In this town we have a gold mine that employs most people. The benefit of working for this large corporation is having access to the limited resources available (the arena, swimming pool, bowling alley, curling rink) without major cost, often for free. This job perk does not help the families who are not employed by the mine and their costs to access facilities and have the appropriate equipment is heightened—especially for families with more than one child.
Every child has heard their parents tell them, “You can be whatever you want to be” or “you can achieve anything.” While most parents want to believe that their child can achieve anything (whatever their dream, be it educational, meaningful relationships, or a chosen career). Can the same be said to children that dream of becoming athletes? Can young athletes grow and become great in a small town?

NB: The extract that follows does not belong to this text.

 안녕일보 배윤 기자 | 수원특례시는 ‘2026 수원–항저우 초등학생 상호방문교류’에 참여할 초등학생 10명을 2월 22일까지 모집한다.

This is a question that has been asked and answered too many times within our community. We have all seen countless junior athletes pack up and move to urban communities to access more “demanding” fields of play, higher levels of competition and coaching. Parents here realizing that for their son or daughter to become the best that they can be athletically, Red Lake is not the place.
Every few years we see promising athletes leaving Red Lake in search of better opportunities in a wide range of disciplines including gymnastics, figure skating, pilotage, skiing, and most commonly, hockey. Does the exportation of our promising athletes have to be a reality? What is it that makes larger cities so appealing to athletes?
Having to face the difficulties of being an athlete in a small town for most of my life, I have seen first-hand what is lacking in this community: coaching, funding, and lack of enthusiasm/passion/spirit.
Quality coaching is a luxury many take for granted. It can mean the difference between a NorWOSSA championship and a national championship or a regional and a provincial medal. But how do small towns attract quality coaches or—possibly more important—train quality coaches? Funding. Funding programs in a small, rural community is a difficult task for most organizations and clubs. Smaller population size means fewer resources to pull from and fewer dollars to be shared around.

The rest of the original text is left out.